Exercise objective:
Retype the following data exactly, but leave its pictures out.

+++ Information shown

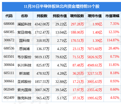 北向资金方面,当日半导体板块北向资金持股市值为550.28亿元,增持4.58亿元。其中增持最多的是澜起科技(688008),增持了1.99亿元。减持持最多的是北方华创(002371),减持了0.84亿元。半导体板块北向资金持股变动明细见下表:
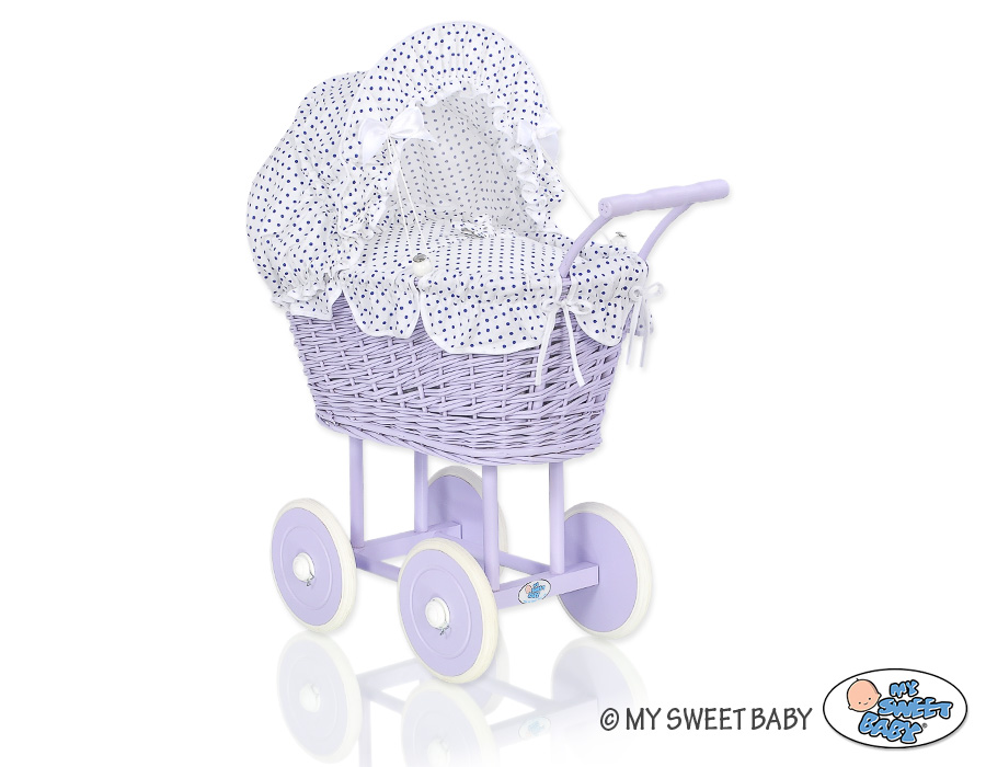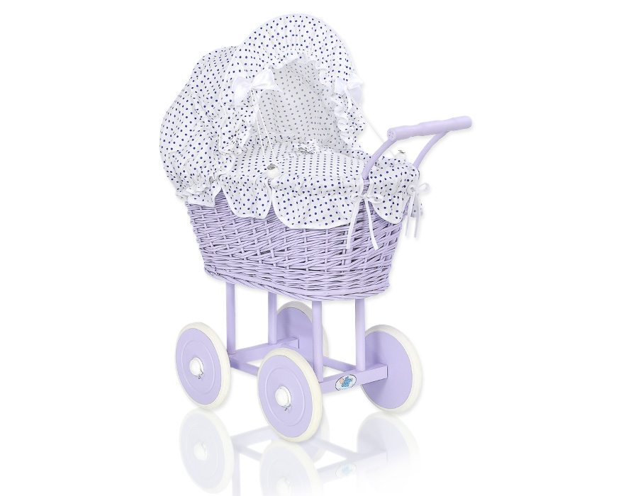 Baby Shop » Baby Toys » Doll prams » Wicker Doll prams » Lilac Wicker Dolls Prams » Doll pram no. 91699White with Navy Blue Dots Bedding Set
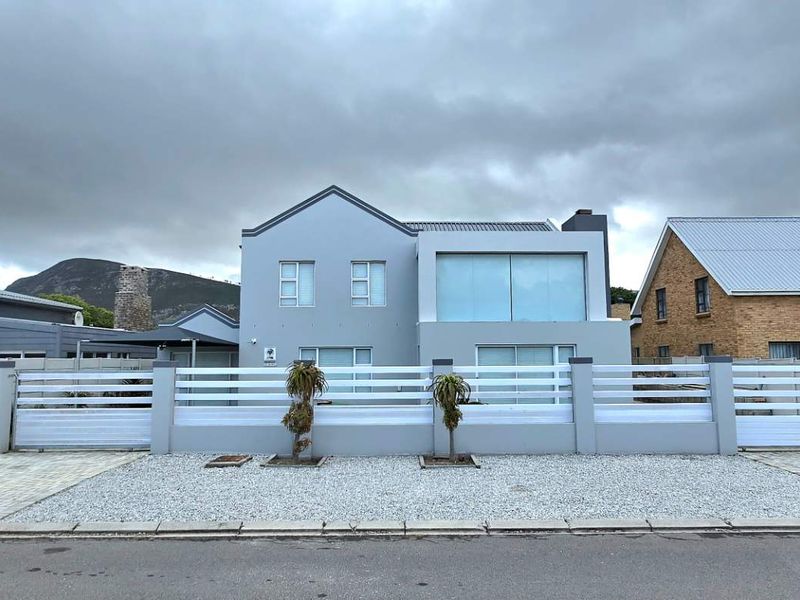 Coastal-mountain living two streets from the Franskraal shoreline, ideal for multi-generational families or rentals. Dual-living layout with indoor braai, master suite mountain views, five bedrooms, three baths.
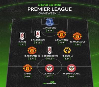 体育资讯11月11日报道宣称 WhoScored根据球员评分列出了英超第11轮最佳阵容,曼联4名球员入选。

++++++

Exercise output:
 北向资金方面,当日半导体板块北向资金持股市值为550.28亿元,增持4.58亿元。其中增持最多的是澜起科技(688008),增持了1.99亿元。减持持最多的是北方华创(002371),减持了0.84亿元。半导体板块北向资金持股变动明细见下表:
 Baby Shop » Baby Toys » Doll prams » Wicker Doll prams » Lilac Wicker Dolls Prams » Doll pram no. 91699White with Navy Blue Dots Bedding Set
 Coastal-mountain living two streets from the Franskraal shoreline, ideal for multi-generational families or rentals. Dual-living layout with indoor braai, master suite mountain views, five bedrooms, three baths.
 体育资讯11月11日报道宣称 WhoScored根据球员评分列出了英超第11轮最佳阵容,曼联4名球员入选。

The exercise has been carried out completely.